生命保険については、保険金額だけでなく、契約者、被保険者、受取人、保険料負担者、契約者変更の履歴を確認します。保険は納税資金や代償金の準備に役立つことがありますが、契約関係を取り違えると、相続税、贈与税、所得税の判断が変わってしまうことがあります。
相続税の課税対象には、現金、預貯金、有価証券、土地、家屋のほか、貸付金、特許権、著作権など、金銭に見積もることのできる経済的価値のあるものが含まれます。さらに、死亡保険金や死亡退職金のように、民法上の遺産とは異なる形で相続税の対象となる財産もあります。
出典:国税庁|No.4105 相続税がかかる財産
債務・保証・未払金は、財産より後回しにしない
相続のご相談では、どうしてもプラスの財産に目が向きがちです。
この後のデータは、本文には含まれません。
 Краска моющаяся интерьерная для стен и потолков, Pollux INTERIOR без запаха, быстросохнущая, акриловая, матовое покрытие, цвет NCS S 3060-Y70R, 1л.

しかし、債務や保証関係の整理も、それと同じくらい重要です。
確認しておきたいものには、金融機関からの借入、住宅ローン、事業の借入、同族会社への貸付・借入、未払医療費、未払税金、未払介護費用、葬儀費用、保証債務、連帯保証、カードローン、親族間の貸借などがあります。
特に、会社を経営されている方や不動産賃貸業を営む方の場合には、個人保証や会社との貸借関係が相続財産に大きく影響することがあります。債務が多いときには、単純承認、限定承認、相続放棄のいずれを選ぶかという判断が必要になりますが、この判断には期限があります。だからこそ、相続発生後のご相談では、財産評価よりも先に債務の調査を優先すべき場面があるのです。
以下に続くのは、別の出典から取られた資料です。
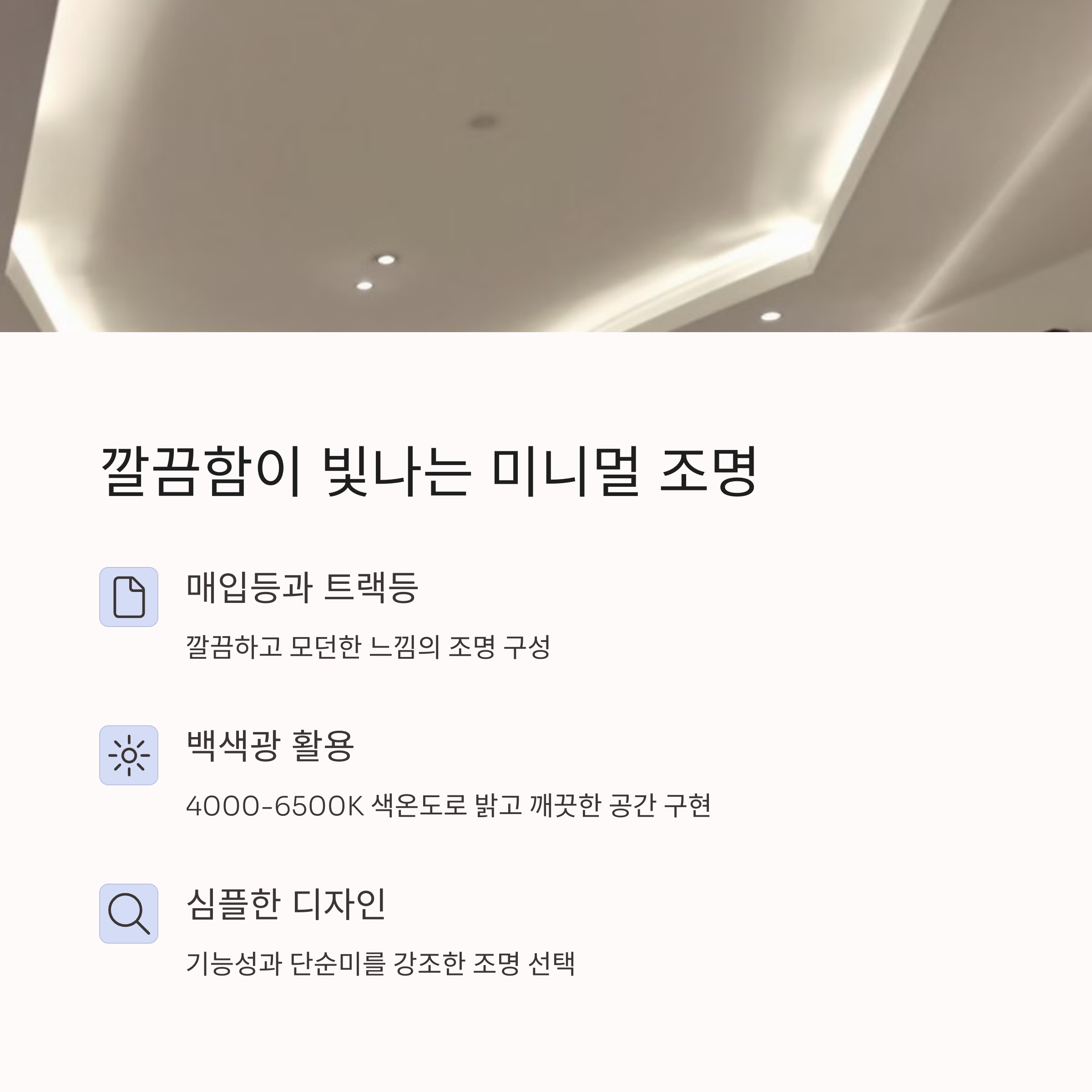 | 따뜻한 전구색과 다양한 간접조명 활용 | 매입등, 라인 조명으로 깔끔함 강조 | 용도별 조명 밝기와 색상 조합 중요 |

納税資金の面でも、債務の整理は欠かせません。不動産や非上場株式が多く、現預金が少ない場合には、相続税額は計算上は発生しても、納税資金が不足してしまうことがあります。不動産を売却すればよいと考えていても、申告期限までに希望する価格で売却できるとは限りません。相続税は金銭による一括納付が原則であり、延納や物納も制度としては存在しますが、それぞれ要件や手続の負担が伴います。
過去の贈与履歴は、金額だけでなく「成立」と「証拠」を確認する
相続・贈与のご相談で非常に重要になるのが、過去の贈与履歴です。
いつ、誰から誰へ、何を、いくらで、どのような方法で移転したのか。贈与契約書はあるのか。贈与税の申告はしたのか。受贈者本人がその財産を管理しているのか。通帳・印鑑・証券口座・不動産登記は誰が管理しているのか。贈与後の収益は誰に帰属しているのか。
こうした点を確認しないまま、「毎年贈与してきたから相続税対策はできている」と考えてしまうのは危険です。親族名義の預金や株式であっても、実質的に被相続人の財産と認定されれば、相続財産として申告が必要になることがあります。贈与が認められるかどうかは、意思表示、受諾、名義変更、管理の状況、贈与税の申告、収益の帰属などを総合的に見て判断されます。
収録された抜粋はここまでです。